There are also different verb prefixes: when returning we use verbs with _*terug*- _(weer- maybe), when doing something again, we use verbs beginning with _*her*_- (Eng./ Fr. _re-/ré_).


----------



## Gavril

> As for Armenian: I am not sure if there is a link. Could you tell me, Gavril? (I don't quite understand the references to West/ East, I mean)



There doesn't seem to be a link in Armenian, at least when it comes to the "backs" of humans (I'm not sure what the Armenian terms are for "horseback" or the back of other animals).

Western and Eastern are the two standard forms of modern Armenian, which differ greatly from each other in vocabulary, pronunciation etc.


----------



## rusita preciosa

In Russian it does not refer to the back but rather to a lower body part...

*назад* /nazad/ - back, backward
*зад */zad/ - butt, backside


----------



## ThomasK

I see, I would not call that that the back, but it is interesting.
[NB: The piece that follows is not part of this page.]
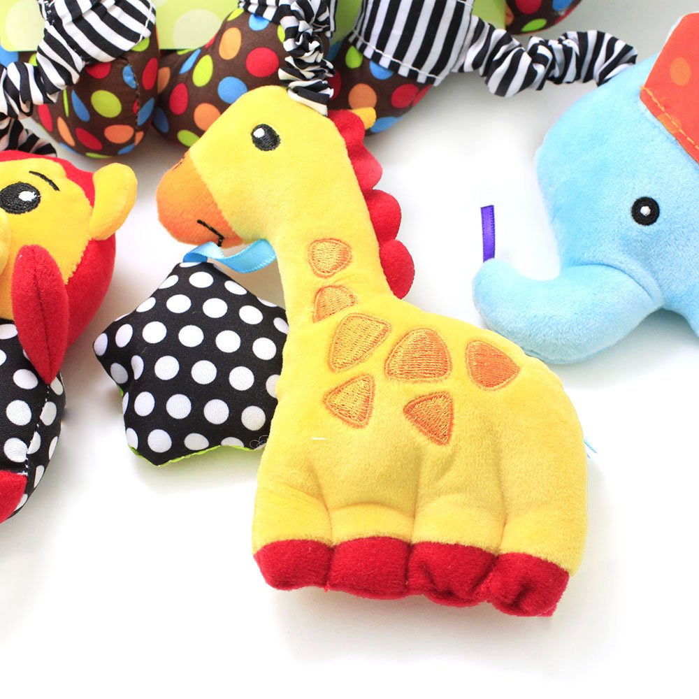 Multi-Use: Such cute toys can be easily wrapped around baby crib bed, stroller, carrier and car seat. It would be a great toy to coax the infant from crying to laughing.

BTW: could that also be something like the rear in English? 

As for Armenian: so there is some link between 'backwards' and 'back' in Armenian, isn't there?


----------



## Gavril

ThomasK said:


> As for Armenian: so there is some link between 'backwards' and 'back' in Armenian, isn't there?



I'm not sure what you mean. As I wrote in the last post, there *doesn't* seem to be a link in Armenian between "back (part of the body)" and "back (direction)".
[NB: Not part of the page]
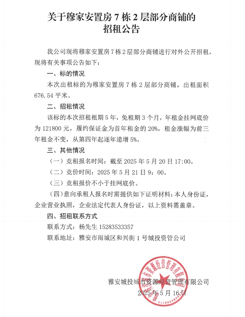 關(guān)于穆家安置房7棟2層部分商鋪的招租公告

There is a link, though, between "back" in a more general sense (_The back of the house_) and "backwards": both contain the element *ետ *(_yet_ / _yed_), which is thought to be composed of the same root seen in English *foot*, Latin _*pes*_, etc., plus the prefix **y- *"in".


----------



## ThomasK

Ah, that might be what I was looking for, as that is what the English refer to as 'rear', I believe. I now found that that refers to 'retro' in Latin, which, I thought for a sec, meant "'(the) back", but that might be wrong.


----------



## Outsider

Fericire said:


> There is no direct link between «costas» and «voltar».
> «Voltar» means just «to back», but people sometimes say like:
> «Ele volta com aquele assunto o tempo todo» («He repeats that matter all the time.»)


I must disagree with Fericire. The basic meaning of *voltar* is to turn, and the noun *volta* means turn or tour, while the basic meaning of *costa(s)* is "back" in the anatomical sense. There is no etymological connection between these two Portuguese words, although it's true that *voltar* can mean "to turn (back)", and *de volta* means "again".

P.S. The closest connection between the two ideas is probably in the words *traseira/traseiro* (noun), "back", "behind" (including the anatomical sense of "behind", though not of "back") and *trás/atrás* (preposition) "back", "behind".


----------



## ThomasK

@Outsider: Five years after your answer: does the traseira/ traseira refer to someone's bottom? I had not understood it that way, but I now think of that…

For the time being I think words for 'back' (in 'come back') sometimes refer to the back (West Germanic), the heel(s) (Czech), the bottom/ behind (Greek, Portuguese)…


----------